━━━━━ Information shown

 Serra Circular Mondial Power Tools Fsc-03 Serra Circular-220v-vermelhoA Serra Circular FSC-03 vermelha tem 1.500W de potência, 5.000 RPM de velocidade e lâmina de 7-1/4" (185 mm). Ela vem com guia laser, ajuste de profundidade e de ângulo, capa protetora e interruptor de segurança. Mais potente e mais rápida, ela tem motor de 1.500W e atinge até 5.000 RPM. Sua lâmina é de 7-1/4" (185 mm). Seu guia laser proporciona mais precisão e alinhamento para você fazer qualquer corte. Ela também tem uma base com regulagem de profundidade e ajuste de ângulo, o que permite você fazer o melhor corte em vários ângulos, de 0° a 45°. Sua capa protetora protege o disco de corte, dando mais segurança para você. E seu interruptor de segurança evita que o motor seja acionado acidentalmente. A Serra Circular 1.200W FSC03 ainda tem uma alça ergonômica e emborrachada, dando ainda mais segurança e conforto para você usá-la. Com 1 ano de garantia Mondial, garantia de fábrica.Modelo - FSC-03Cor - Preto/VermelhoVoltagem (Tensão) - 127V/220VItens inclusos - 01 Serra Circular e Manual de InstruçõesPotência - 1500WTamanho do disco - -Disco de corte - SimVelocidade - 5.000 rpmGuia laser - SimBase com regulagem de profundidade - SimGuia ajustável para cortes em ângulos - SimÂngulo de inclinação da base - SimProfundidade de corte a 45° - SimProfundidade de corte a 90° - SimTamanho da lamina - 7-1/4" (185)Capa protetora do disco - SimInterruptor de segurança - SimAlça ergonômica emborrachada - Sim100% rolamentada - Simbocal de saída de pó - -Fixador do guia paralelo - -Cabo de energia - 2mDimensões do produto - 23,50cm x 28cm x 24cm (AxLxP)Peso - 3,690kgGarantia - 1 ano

━━━━━━━━━━
━━━━━ Information shown

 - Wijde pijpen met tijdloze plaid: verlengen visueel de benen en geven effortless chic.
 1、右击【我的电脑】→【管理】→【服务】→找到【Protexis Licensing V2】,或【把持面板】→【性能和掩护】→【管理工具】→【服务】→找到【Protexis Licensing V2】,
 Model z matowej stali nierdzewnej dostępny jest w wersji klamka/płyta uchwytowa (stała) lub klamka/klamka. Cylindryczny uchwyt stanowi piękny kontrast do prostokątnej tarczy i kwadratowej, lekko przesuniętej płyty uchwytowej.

━━━━━━━━━━

### What you are asked to do
Reproduce exactly the entries above, limited to the lines from the one with "- Wijde pijpen" through the one with "Licensing V2】,或【把持面板】→【性能和掩护】→【管理工具】→【服务】→找到【Protexis Licensing", both included.

### Answer box
 - Wijde pijpen met tijdloze plaid: verlengen visueel de benen en geven effortless chic.
 1、右击【我的电脑】→【管理】→【服务】→找到【Protexis Licensing V2】,或【把持面板】→【性能和掩护】→【管理工具】→【服务】→找到【Protexis Licensing V2】,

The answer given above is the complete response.